* Data extract:

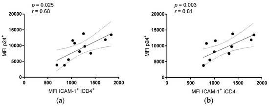 The per-cell expression of ICAM-1 is correlated with the MFI of p24 expression in HIV infected T cell subsets. Correlation of MFI of ICAM-1 expression with the MFI of p24 expression in (a) iCD4+, and (b) iCD4− HIV infected T cell subsets. Each data point represents T cells isolated from a separate individual (n = 11). Dotted lines represent 95% confidence intervals. Significant values (p) and correlation coefficients (r) are shown.
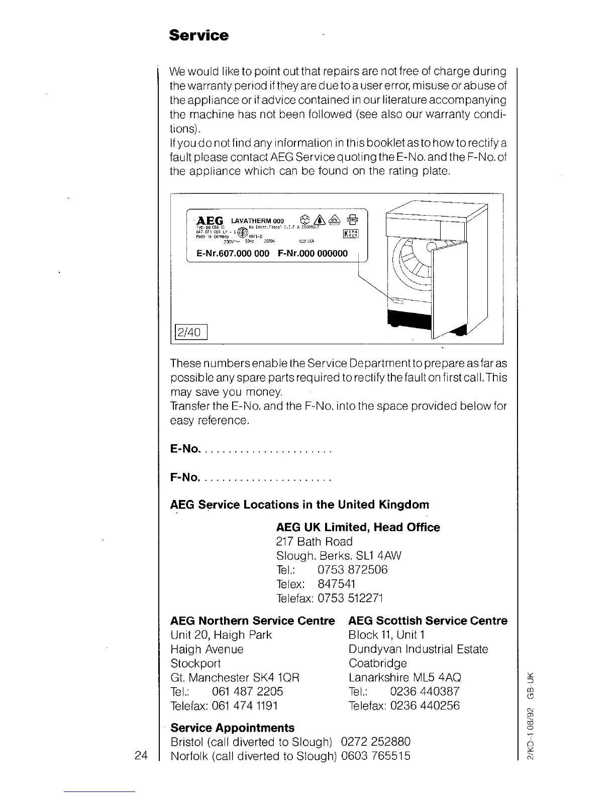 AEG Lavatherm 3400 microcomputer - Service and Support; UK Service Locations
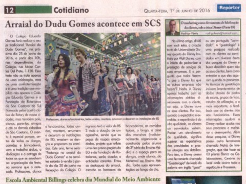 A Fundação de Rotarianos de São Caetano do Sul, juntamente com o Colégio Eduardo Gomes realizará no dia 25 de junho, o Arraial do Dudu Gomes, nas dependências do colégio.
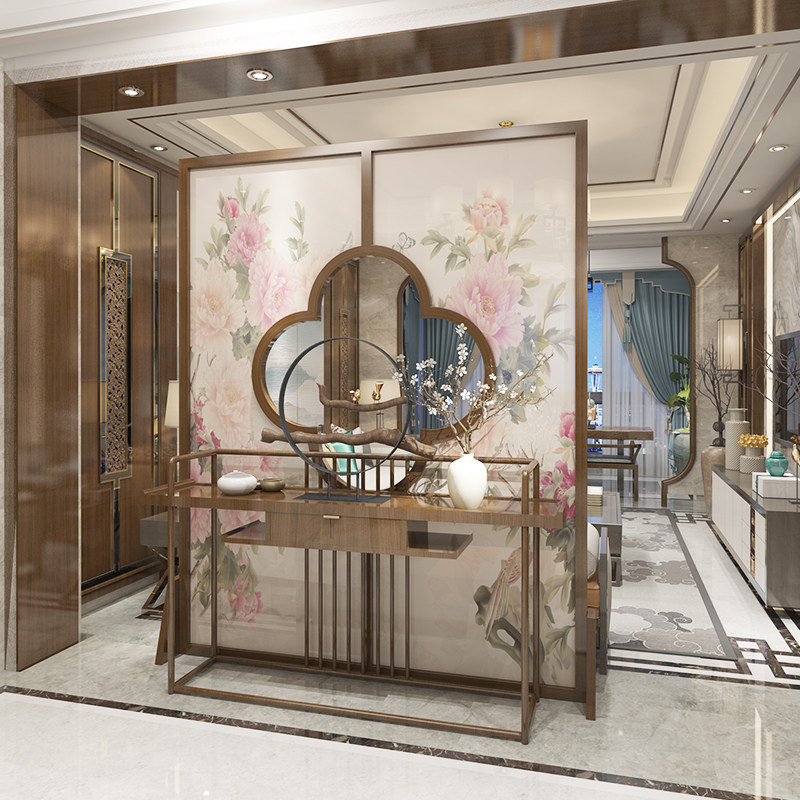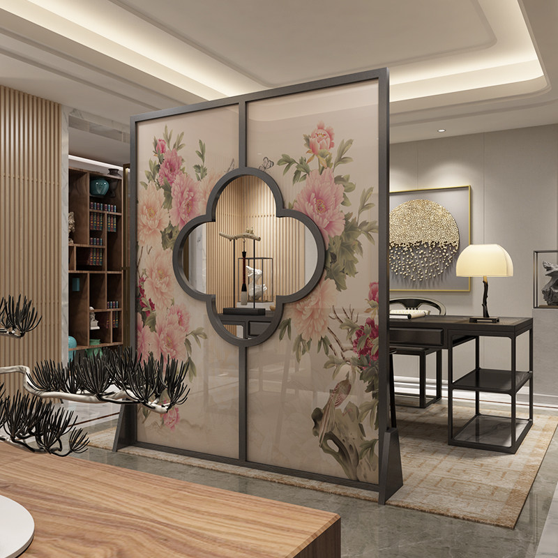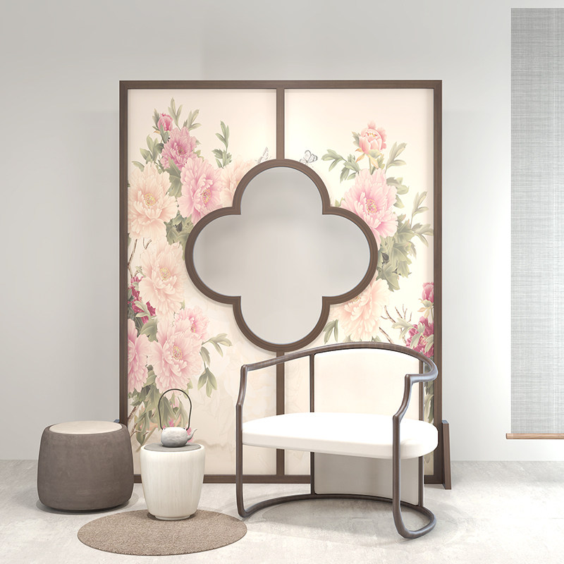 Modern New Chinese Solid Wood Genguan Partition Living Room Bedroom Flower Bird Screen Hotel Tea Social Customisable Removable Seat Screen

* Task item: From the data above, retype only the lines starting with the line with "AEG Lavatherm 3400" and going on through the line with "A Fundação de", exactly, leaving out the pictures.

* Written solution:
 AEG Lavatherm 3400 microcomputer - Service and Support; UK Service Locations
 A Fundação de Rotarianos de São Caetano do Sul, juntamente com o Colégio Eduardo Gomes realizará no dia 25 de junho, o Arraial do Dudu Gomes, nas dependências do colégio.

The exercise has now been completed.